Depuis 4 décennies, la consommation de lipides du monde occidental a considérablement varié, aux plans quantitatif et qualitatif. Dans les grandes lignes, on distingue deux périodes :

  • De 1960 à 1980, la consommation de lipides augmente fortement pour atteindre près 100 grammes par jour.
  • De 1980 à 2000, la consommation stagne et les changements sont surtout qualitatifs. La consommation d’huiles végétales progresse fortement sur cette période, essentiellement sous forme d’huiles Oméga 6 (Tournesol) et d’huiles saturées (Palme, Coprah, et huiles hydrogénées), dans les biscuits et les plats préparés notamment. La consommation de lipides animaux stagne puis régresse du fait de la décroissance de la consommation de produits animaux (à l’exception du poisson et des volailles), mais les changements de l’alimentation animale avec la généralisation de l’utilisation du maïs et du soja, (deux plantes riches en Oméga 6) changent la composition des produits animaux :oeufs, fromages, viandes, etc.

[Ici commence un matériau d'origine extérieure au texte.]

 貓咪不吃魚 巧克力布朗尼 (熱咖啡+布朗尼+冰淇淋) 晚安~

Au final, le rapport Oméga 6 / Oméga 3 dans l’assiette du consommateur a augmenté en 40 ans de 158%. Ce rapport influence la synthèse des « médiateurs cellulaires » qui régulent toutes les grandes fonctions de l’organisme. Or les Oméga 6 et les Oméga 3 étant fournis uniquement par nos aliments, de tels changements dans notre chaîne alimentaire ne peuvent pas être sans conséquence sur notre nutrition et notre santé.

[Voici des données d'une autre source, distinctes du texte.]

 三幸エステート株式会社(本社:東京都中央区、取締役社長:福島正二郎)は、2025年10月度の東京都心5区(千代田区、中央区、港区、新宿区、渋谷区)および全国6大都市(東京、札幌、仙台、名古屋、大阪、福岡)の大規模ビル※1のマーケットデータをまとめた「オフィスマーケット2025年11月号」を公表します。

Depuis les années 60 et plus encore depuis les années 80, les maladies dites « de civilisation » (diabète, Obésité, maladies cardiovasculaires et cancers) explosent. Ces maladies ont toutes une composante alimentaire bien connue, avec notamment un rôle fort du rapport Oméga 6 / Oméga 3 sur la genèse des ces maladies.

Nul doute que les changements dans nos champs et dans l’auge de nos animaux ont des conséquences sur notre santé.

L’association TradiLin accompagne le retour du lin et de l’herbe dans l’alimentation des animaux. Les animaux d’élevage nous fournissent encore les deux tiers des lipides que nous consommons, et la qualité de leur alimentation influence notre propre nutrition.